Does undefined behavior really help modern compilers to optimize generated code?

Question

Aren't modern compilers smart enough to be able to generate a code that is fast and safe at the same time?

Look at the code below:

std::vector<int> a(100);
for (int i = 0; i < 50; i++)
    { a.at(i) = i; }
...

It's obvious that the out of range error will never happen here, and a smart compiler can generate the next code:

std::vector<int> a(100);
for (int i = 0; i < 50; i++)
    { a[i] = i; } // operator[] doesn't check for out of range
...

Now let's check this code:

std::vector<int> a(unknown_function());
for (int i = 0; i < 50; i++)
    { a.at(i) = i; }
...

It can be changed to such equivalent:

std::vector<int> a(unknown_function());
size_t __loop_limit = std::min(a.size(), 50);
for (int i = 0; i < __loop_limit; i++)
    { a[i] = i; }
if (50 > a.size())
    { throw std::out_of_range("oor"); }
...

Also, we know that the int type doesn't have side effects in its destructor and assignment operator. So we can translate the code to the next equivalent:

size_t __tmp = unknown_function();
if (50 > __tmp)
    { throw std::out_of_range("oor"); }
std::vector<int> a(__tmp);
for (int i = 0; i < 50; i++)
    { a[i] = i; }
...

(I'm not sure that such optimization is allowed by C++ standard, because it excludes memory allocation/deallocation steps, but let's think of C++-like language that allows this optimization.)
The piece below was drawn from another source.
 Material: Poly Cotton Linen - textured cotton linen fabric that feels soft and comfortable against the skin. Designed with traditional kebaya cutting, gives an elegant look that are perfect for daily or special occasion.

And, OK, this optimization is not as fast as the next code:

std::vector<int> a(unknown_function());
for (int i = 0; i < 50; i++)
    { a[i] = i; }

because there is an additional check if (50 > __tmp) which you really don't need if you are certainly sure that unknown_function never returns a value that is less than 50. But the performance improvement is not very high in this case.

Please note that my question is little different than this question: Is undefined behavior worth it? That question is: do advantages of performance improvements outweigh shortcomings of undefined behavior. It assumes that undefined behavior really helps to optimize a code. My question is: is it possible to achieve almost the same (maybe little less) level of optimization in a language without undefined behavior as in a language with undefined behavior.
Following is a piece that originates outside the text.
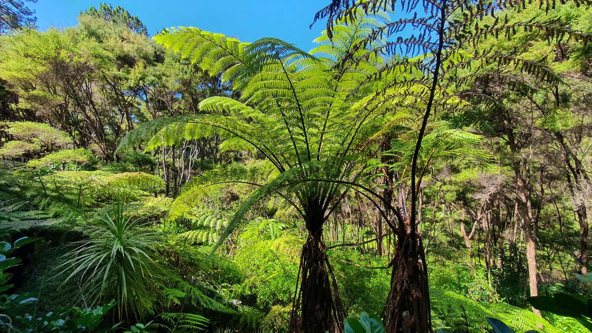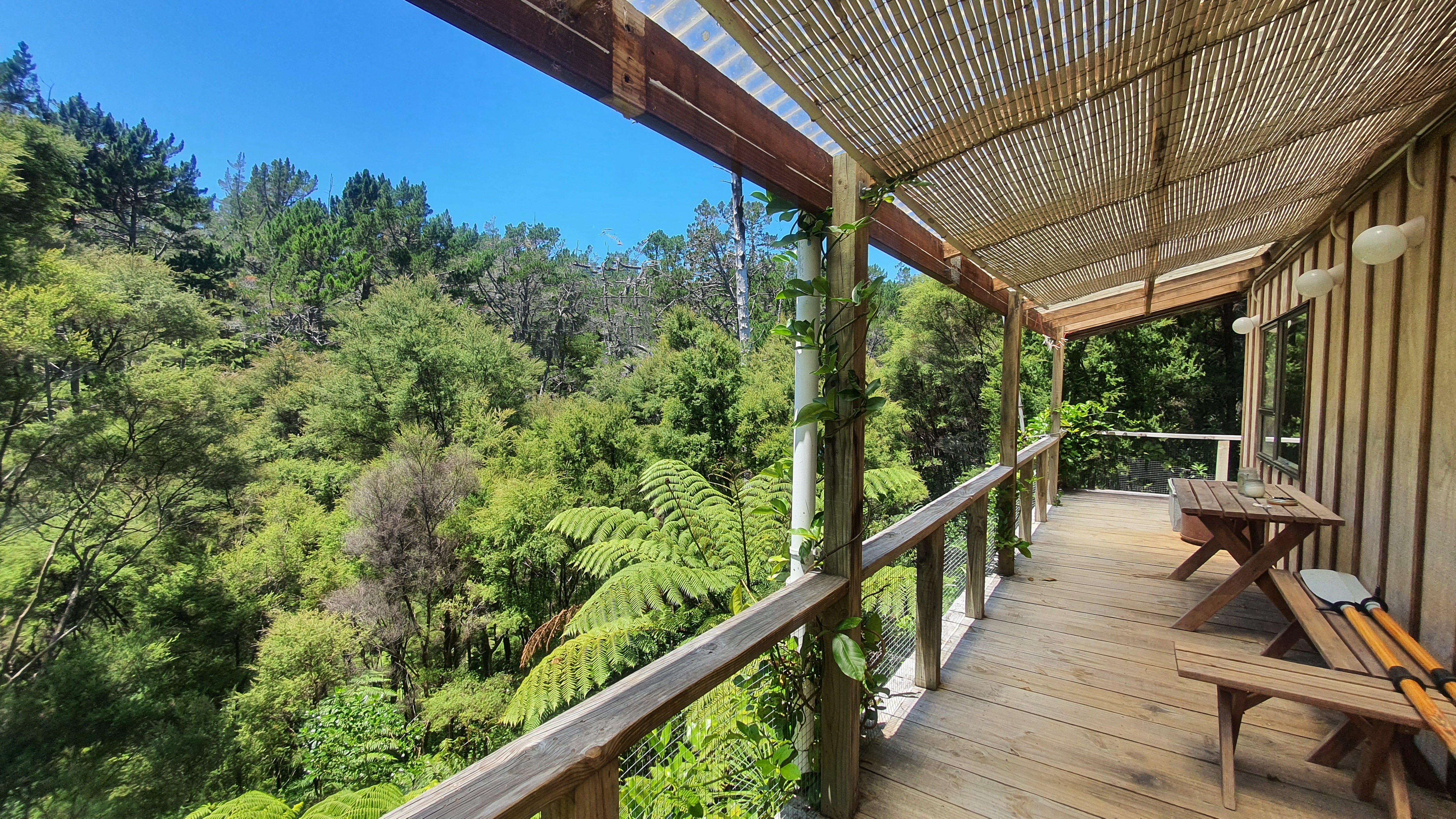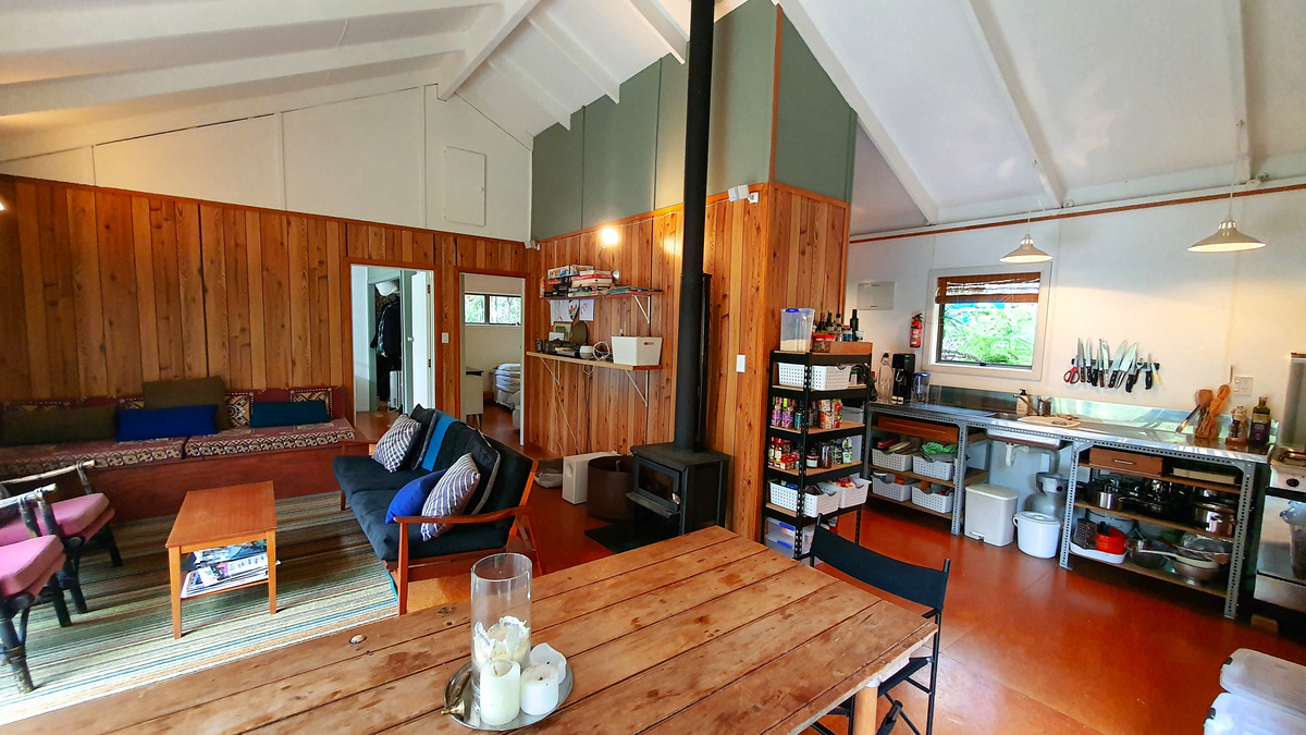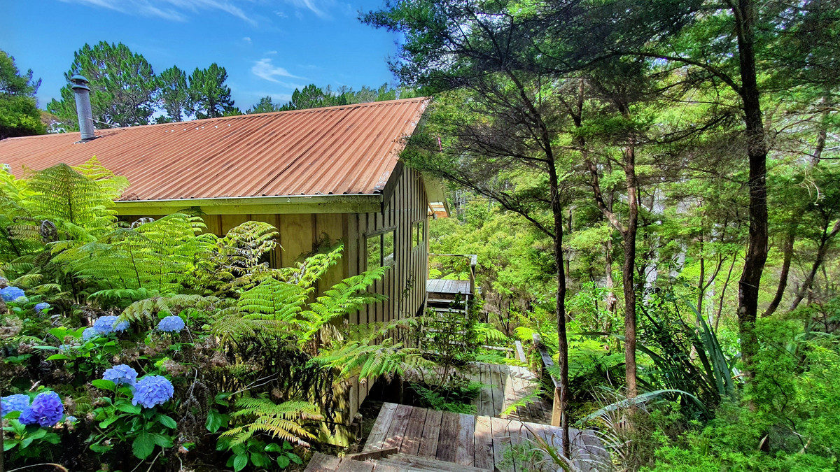 Step onto the long, sun-drenched deck and you’re immediately surrounded by nature: towering tree ferns, dappled light, and the soft movement of the forest. Inside, you’ll find a charming open-plan living area with high ceilings, timber accents, and a cosy wood burner. Two comfortable bedrooms plus a separate sleepout mean there is plenty of space for family and friends. This is the kind of place where weekends stretch out, afternoons drift into evenings on the deck, and life slows to island time.

The only case I can think of where undefined behavior can really help improve performance significantly is manual memory management. You never know if the address a pointer points to is not freed. Someone can have a copy of the pointer than call free on it. Your pointer still point to the same address. To avoid this undefined behavior you either have to use a garbage collector (which has its own disadvantages) or have to maintain a list of all pointers that point to the address, and when the address is freed you have to nullify all those pointers (and check them for null before accessing them).

Providing defined behavior for multi-threaded environment may probably cause performance costs too.

PS I am not sure that a defined behavior may be achieved in C-like language, but added it to the tags too.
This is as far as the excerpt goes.